> Your assignment
Without changing a word, return the listing below, minus its images.

> Collected data
┌──

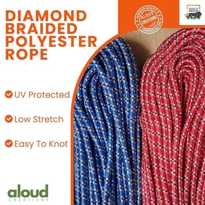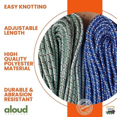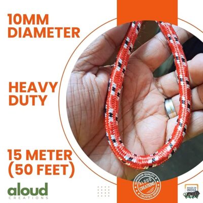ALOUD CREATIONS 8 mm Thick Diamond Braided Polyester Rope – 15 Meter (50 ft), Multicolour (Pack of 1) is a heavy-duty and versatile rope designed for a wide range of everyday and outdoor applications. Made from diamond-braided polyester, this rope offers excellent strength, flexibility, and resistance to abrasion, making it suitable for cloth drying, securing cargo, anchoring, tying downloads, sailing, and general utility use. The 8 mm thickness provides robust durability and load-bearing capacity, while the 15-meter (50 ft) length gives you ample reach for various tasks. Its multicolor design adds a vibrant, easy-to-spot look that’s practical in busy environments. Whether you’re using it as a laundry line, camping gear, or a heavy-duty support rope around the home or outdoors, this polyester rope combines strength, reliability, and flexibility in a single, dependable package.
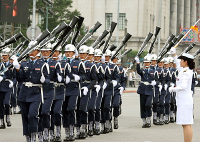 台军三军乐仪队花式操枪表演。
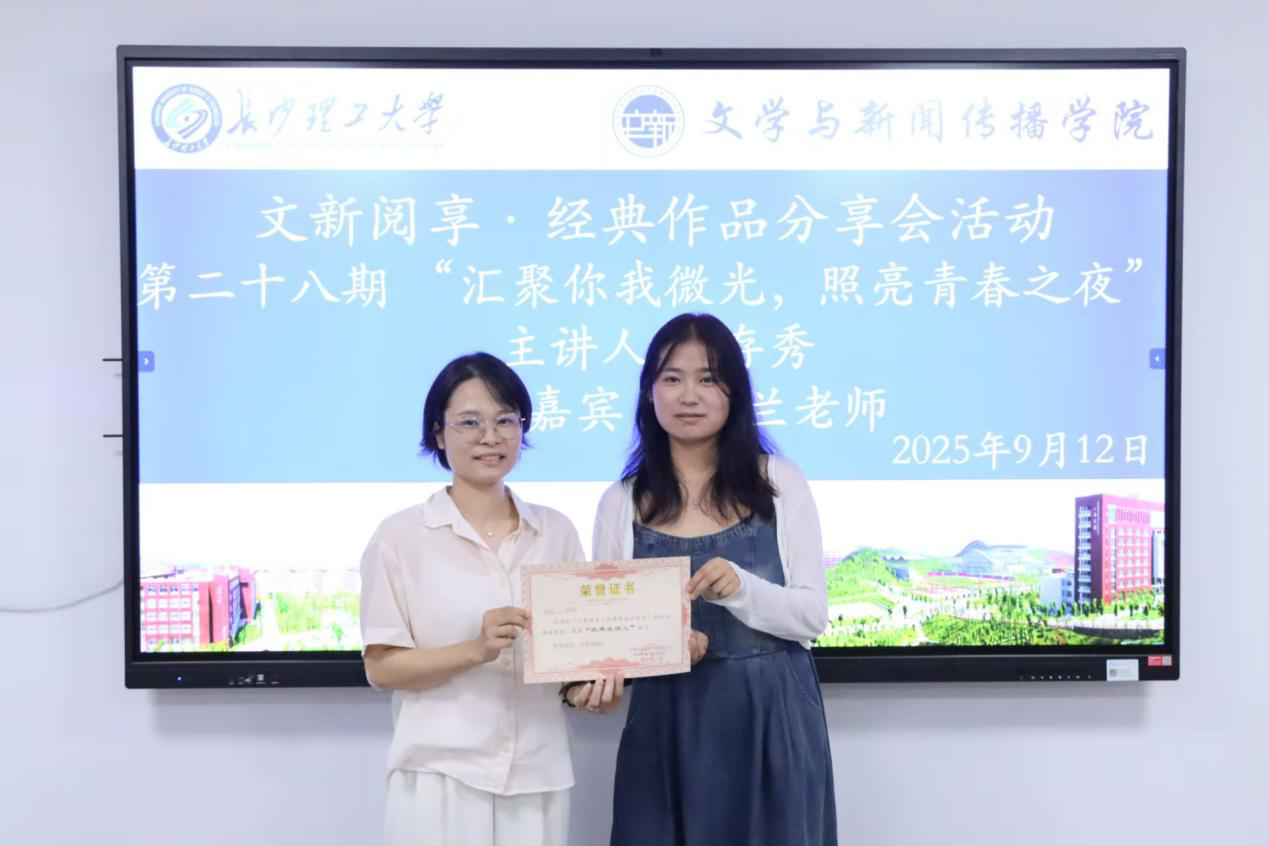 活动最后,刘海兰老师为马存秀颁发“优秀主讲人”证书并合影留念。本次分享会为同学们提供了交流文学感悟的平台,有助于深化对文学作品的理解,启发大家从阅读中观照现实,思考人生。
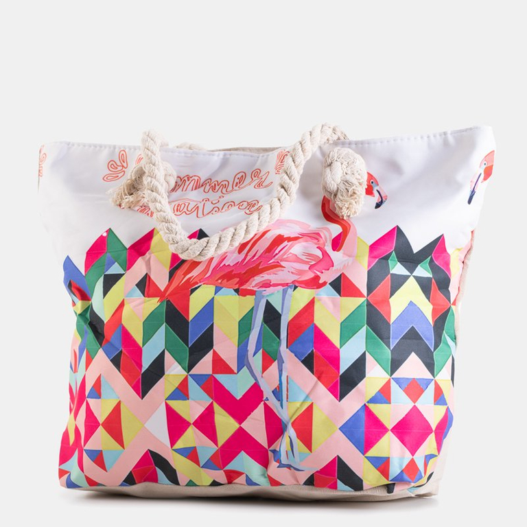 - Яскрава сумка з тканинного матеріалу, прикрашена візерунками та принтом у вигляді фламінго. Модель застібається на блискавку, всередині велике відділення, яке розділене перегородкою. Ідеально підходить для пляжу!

└──

> Answer for this exercise
ALOUD CREATIONS 8 mm Thick Diamond Braided Polyester Rope – 15 Meter (50 ft), Multicolour (Pack of 1) is a heavy-duty and versatile rope designed for a wide range of everyday and outdoor applications. Made from diamond-braided polyester, this rope offers excellent strength, flexibility, and resistance to abrasion, making it suitable for cloth drying, securing cargo, anchoring, tying downloads, sailing, and general utility use. The 8 mm thickness provides robust durability and load-bearing capacity, while the 15-meter (50 ft) length gives you ample reach for various tasks. Its multicolor design adds a vibrant, easy-to-spot look that’s practical in busy environments. Whether you’re using it as a laundry line, camping gear, or a heavy-duty support rope around the home or outdoors, this polyester rope combines strength, reliability, and flexibility in a single, dependable package.
 台军三军乐仪队花式操枪表演。
 活动最后,刘海兰老师为马存秀颁发“优秀主讲人”证书并合影留念。本次分享会为同学们提供了交流文学感悟的平台,有助于深化对文学作品的理解,启发大家从阅读中观照现实,思考人生。
 - Яскрава сумка з тканинного матеріалу, прикрашена візерунками та принтом у вигляді фламінго. Модель застібається на блискавку, всередині велике відділення, яке розділене перегородкою. Ідеально підходить для пляжу!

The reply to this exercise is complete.